The creation account in Genesis reveals the fundamental truth that "the world is not a collection of opposing forces, but has its origin and steadiness in the Word, in the eternal reason of God, who continues to sustain the universe," the pope said.
The creation story also points to the fact, he said, that God has a plan for the world and for humanity, a plan that gives people "the courage to face the adventure of life with trust and hope."
It shows that everything God creates is "beautiful and good, filled with wisdom and love; God's creative action brings order, leads to harmony and gives beauty," Pope Benedict said.
God created man and woman in his image and breathed life into the human form he molded out of clay from the earth, according to Genesis, the pope said. The biblical affirmation means that humanity is not self-made or god-like, but is united by the same origin despite cultural, historical and social differences.
It also means, he said, that "we all carry in us the vital breath of God, and every human life, the Bible tells us, is under the specific protection of God."
"This is the most profound reason behind the inviolability of human dignity against every temptation to measure a person's worth using criteria of utility and power," he said.
The description of the Garden of Eden means that God gave humanity, "not a wild forest, but a place that protects, nourishes and sustains," he said.
"Man must not see the world as his own property to pillage and exploit, but as a gift from God" to safeguard and develop with respect "following the rhythms and logic" of God's plan.
But while God created "a universe of goodness, harmony and beauty," human beings freely chose to believe in lies over the truth and, in that way, that brought evil into the world, the pope said.
The symbol of the serpent reflects the "constant temptation to abandon (man's) mysterious alliance with God," he said.
The serpent doesn't reject God but instigates suspicion by suggesting that following God's word is somehow "a chain that binds, that deprives one of freedom and the most beautiful and precious things in life," the pope said.
But breaking one's relationship with God through sin destroys every human relationship, and only God, who is always reaching out with his loving hand, can restore things the right way.
"Through the saving obedience of Christ, the new Adam, God himself has justified us and enabled us to live in freedom as his beloved sons and daughters."

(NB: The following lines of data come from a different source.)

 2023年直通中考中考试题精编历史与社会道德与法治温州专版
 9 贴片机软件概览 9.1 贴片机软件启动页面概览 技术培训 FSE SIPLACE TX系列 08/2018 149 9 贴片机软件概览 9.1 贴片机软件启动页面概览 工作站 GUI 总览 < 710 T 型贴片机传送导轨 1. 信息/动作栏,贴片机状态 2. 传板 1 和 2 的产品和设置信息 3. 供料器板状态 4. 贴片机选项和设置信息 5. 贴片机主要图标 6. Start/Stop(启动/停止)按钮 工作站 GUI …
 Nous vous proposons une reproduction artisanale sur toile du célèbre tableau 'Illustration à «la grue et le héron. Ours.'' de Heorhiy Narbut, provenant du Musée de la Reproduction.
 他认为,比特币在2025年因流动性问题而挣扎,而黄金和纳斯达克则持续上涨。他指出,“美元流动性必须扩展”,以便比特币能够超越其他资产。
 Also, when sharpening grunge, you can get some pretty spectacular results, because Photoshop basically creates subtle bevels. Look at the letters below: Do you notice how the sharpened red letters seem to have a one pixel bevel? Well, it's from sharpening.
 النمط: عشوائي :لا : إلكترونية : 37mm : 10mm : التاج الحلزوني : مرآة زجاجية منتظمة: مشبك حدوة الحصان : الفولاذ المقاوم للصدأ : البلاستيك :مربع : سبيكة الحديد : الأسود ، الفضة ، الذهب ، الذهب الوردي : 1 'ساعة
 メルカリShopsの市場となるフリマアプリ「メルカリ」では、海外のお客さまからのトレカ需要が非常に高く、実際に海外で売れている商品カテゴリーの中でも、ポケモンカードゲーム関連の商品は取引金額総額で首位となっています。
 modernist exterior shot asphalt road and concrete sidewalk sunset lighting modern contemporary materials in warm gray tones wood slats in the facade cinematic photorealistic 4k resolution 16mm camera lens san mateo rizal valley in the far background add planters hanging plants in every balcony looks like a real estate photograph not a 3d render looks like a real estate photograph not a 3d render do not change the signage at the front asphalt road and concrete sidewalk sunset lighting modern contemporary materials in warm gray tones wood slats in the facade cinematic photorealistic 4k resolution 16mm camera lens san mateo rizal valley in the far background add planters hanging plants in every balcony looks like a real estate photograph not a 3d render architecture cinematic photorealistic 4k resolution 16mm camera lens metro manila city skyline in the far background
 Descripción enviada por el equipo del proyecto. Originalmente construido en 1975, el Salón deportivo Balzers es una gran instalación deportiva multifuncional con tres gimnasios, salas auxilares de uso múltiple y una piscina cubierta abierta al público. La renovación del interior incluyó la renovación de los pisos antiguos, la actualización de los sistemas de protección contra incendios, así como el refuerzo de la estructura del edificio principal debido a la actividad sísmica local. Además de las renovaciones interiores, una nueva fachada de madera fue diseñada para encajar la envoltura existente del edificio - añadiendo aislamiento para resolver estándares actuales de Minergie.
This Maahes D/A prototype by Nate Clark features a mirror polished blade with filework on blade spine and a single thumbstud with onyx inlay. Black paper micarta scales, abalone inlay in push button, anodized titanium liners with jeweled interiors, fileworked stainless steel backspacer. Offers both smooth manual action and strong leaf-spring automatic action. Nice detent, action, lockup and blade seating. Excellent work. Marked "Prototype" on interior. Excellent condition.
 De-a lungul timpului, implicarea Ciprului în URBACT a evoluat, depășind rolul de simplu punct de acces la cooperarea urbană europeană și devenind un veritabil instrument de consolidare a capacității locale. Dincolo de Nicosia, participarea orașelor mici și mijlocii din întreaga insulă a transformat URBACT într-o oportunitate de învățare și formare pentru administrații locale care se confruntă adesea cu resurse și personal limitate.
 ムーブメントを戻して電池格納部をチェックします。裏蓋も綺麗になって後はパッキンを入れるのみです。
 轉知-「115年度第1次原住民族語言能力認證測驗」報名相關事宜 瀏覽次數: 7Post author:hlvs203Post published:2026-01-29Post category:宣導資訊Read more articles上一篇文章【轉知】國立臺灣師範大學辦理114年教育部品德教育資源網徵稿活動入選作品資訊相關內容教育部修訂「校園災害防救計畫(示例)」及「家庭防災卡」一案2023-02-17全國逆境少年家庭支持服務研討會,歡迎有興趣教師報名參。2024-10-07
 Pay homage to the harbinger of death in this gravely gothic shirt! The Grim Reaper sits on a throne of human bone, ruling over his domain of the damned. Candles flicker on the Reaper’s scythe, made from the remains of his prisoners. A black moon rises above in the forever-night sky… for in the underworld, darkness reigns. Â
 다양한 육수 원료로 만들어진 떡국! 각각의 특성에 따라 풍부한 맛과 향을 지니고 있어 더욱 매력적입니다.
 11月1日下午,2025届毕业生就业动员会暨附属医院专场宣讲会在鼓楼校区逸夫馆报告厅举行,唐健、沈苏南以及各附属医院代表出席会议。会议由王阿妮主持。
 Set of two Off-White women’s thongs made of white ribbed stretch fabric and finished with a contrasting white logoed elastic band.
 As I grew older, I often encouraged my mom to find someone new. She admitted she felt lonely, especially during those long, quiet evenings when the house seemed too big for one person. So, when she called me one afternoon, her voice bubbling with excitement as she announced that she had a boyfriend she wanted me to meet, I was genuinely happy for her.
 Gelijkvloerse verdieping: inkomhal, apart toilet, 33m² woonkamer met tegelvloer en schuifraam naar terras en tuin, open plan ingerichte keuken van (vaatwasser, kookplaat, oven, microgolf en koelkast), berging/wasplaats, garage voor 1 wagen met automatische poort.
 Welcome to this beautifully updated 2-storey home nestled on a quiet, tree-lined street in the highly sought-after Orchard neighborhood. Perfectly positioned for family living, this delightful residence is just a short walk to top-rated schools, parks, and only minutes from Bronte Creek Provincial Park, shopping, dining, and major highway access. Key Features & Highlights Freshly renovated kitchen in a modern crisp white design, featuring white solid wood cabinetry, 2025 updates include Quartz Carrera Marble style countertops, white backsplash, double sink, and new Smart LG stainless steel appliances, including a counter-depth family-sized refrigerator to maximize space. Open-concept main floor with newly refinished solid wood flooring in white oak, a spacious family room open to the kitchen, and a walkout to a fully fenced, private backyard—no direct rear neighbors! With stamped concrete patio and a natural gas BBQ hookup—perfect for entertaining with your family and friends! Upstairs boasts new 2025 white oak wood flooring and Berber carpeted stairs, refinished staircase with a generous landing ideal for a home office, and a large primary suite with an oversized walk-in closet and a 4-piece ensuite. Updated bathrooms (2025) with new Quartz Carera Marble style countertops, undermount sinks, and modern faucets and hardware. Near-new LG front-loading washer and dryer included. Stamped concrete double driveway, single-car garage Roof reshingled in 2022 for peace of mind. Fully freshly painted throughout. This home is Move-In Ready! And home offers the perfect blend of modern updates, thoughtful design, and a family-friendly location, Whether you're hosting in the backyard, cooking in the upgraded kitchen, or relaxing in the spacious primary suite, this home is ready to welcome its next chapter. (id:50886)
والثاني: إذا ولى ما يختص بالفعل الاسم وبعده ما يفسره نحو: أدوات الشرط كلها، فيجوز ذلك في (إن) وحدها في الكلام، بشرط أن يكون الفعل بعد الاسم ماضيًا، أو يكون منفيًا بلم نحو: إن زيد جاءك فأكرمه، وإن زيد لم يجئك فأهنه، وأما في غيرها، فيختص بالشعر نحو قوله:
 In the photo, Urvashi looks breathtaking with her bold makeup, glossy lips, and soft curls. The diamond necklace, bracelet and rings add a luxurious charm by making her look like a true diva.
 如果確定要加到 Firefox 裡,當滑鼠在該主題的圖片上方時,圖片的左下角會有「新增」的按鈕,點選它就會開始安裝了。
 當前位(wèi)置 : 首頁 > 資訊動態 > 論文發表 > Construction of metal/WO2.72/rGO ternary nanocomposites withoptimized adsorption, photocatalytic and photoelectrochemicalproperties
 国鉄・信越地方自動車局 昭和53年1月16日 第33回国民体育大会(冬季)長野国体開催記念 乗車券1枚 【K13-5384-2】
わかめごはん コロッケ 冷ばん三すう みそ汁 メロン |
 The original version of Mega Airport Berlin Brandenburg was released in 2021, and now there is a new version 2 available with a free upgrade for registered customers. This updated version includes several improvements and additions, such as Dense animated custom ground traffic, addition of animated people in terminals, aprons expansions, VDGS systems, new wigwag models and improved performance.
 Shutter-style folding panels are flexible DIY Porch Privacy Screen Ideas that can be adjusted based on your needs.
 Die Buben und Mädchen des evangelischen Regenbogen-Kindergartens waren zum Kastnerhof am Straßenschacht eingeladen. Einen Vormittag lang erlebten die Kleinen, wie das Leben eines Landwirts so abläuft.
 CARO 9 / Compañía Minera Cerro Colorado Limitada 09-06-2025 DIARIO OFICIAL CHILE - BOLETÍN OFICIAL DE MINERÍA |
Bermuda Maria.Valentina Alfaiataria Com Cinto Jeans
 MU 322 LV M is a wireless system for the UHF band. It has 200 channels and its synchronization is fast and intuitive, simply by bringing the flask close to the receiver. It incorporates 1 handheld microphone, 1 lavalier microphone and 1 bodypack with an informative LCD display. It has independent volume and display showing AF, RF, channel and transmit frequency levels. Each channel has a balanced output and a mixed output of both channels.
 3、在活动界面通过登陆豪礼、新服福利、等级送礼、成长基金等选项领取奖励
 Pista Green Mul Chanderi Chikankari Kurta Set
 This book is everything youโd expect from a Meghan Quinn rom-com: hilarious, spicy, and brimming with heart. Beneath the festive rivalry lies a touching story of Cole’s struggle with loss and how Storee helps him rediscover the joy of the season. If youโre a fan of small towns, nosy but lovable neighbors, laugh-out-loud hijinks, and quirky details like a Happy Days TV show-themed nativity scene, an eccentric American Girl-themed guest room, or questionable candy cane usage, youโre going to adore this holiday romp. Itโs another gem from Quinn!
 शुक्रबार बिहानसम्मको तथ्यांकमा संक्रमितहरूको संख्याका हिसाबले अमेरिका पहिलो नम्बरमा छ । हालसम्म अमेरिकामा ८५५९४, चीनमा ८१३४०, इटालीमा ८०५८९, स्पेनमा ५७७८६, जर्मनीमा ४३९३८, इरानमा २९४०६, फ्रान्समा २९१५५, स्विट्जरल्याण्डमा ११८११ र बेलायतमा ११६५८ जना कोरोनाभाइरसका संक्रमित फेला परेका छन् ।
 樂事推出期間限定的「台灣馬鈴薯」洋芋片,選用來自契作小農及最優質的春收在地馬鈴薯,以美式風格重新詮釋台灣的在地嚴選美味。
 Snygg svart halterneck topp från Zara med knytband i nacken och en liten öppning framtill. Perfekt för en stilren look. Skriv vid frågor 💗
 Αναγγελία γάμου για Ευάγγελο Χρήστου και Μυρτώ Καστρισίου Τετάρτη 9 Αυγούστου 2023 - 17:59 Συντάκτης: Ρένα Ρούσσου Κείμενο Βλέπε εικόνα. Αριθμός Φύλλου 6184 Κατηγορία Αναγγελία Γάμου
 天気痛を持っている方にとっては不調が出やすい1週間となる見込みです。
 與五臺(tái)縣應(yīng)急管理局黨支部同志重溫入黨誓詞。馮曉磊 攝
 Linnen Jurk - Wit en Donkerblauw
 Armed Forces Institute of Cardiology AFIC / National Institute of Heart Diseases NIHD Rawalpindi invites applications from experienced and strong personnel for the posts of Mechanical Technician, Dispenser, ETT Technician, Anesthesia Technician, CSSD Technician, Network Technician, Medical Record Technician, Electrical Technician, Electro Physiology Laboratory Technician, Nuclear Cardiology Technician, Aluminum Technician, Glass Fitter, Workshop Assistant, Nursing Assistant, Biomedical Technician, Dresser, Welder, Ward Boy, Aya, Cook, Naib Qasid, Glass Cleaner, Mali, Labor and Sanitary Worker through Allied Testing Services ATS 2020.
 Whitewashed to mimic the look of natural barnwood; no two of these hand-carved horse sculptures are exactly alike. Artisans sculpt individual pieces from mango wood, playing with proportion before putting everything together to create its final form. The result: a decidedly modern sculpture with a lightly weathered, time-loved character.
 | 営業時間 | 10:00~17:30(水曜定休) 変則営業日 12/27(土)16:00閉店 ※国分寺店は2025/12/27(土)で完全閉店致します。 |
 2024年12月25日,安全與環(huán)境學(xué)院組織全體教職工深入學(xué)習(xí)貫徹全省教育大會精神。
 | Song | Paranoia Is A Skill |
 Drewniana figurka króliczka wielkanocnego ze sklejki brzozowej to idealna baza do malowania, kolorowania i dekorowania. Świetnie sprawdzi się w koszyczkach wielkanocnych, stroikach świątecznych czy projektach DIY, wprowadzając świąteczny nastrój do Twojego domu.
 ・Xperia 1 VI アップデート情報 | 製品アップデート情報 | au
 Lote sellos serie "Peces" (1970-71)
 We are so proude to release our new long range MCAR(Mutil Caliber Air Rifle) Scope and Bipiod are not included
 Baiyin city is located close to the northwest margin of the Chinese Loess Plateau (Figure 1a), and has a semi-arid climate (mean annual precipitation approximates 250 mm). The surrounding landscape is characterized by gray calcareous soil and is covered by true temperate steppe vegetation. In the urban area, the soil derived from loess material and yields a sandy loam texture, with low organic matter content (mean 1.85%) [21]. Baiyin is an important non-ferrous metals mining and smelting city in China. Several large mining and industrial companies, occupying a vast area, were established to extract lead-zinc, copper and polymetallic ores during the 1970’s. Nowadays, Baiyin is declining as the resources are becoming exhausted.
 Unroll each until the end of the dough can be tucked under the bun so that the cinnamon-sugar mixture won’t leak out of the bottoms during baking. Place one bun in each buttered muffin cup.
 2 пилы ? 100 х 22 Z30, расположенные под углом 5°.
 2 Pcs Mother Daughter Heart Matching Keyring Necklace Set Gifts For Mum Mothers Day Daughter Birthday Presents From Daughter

At the end of the audience talk, the pope greeted members of the Conventual Franciscans who recently held their 200th general chapter in Assisi. The pope urged them to show the men and women of today "the beauty of following the Gospel in simplicity and fraternity."
Just agreeing with the Pope whe he said "The Bible isn't meant to be a manual of natural science," the pope told the estimated 5,000 visitors and pilgrims gathered for his audience. "Instead it is meant to make understandable the authentic and deep truth of all things," he said.
Well, I agree that the Bible isn’t meant to be that either, that’s not where I have any bone of contention to pick with his statements.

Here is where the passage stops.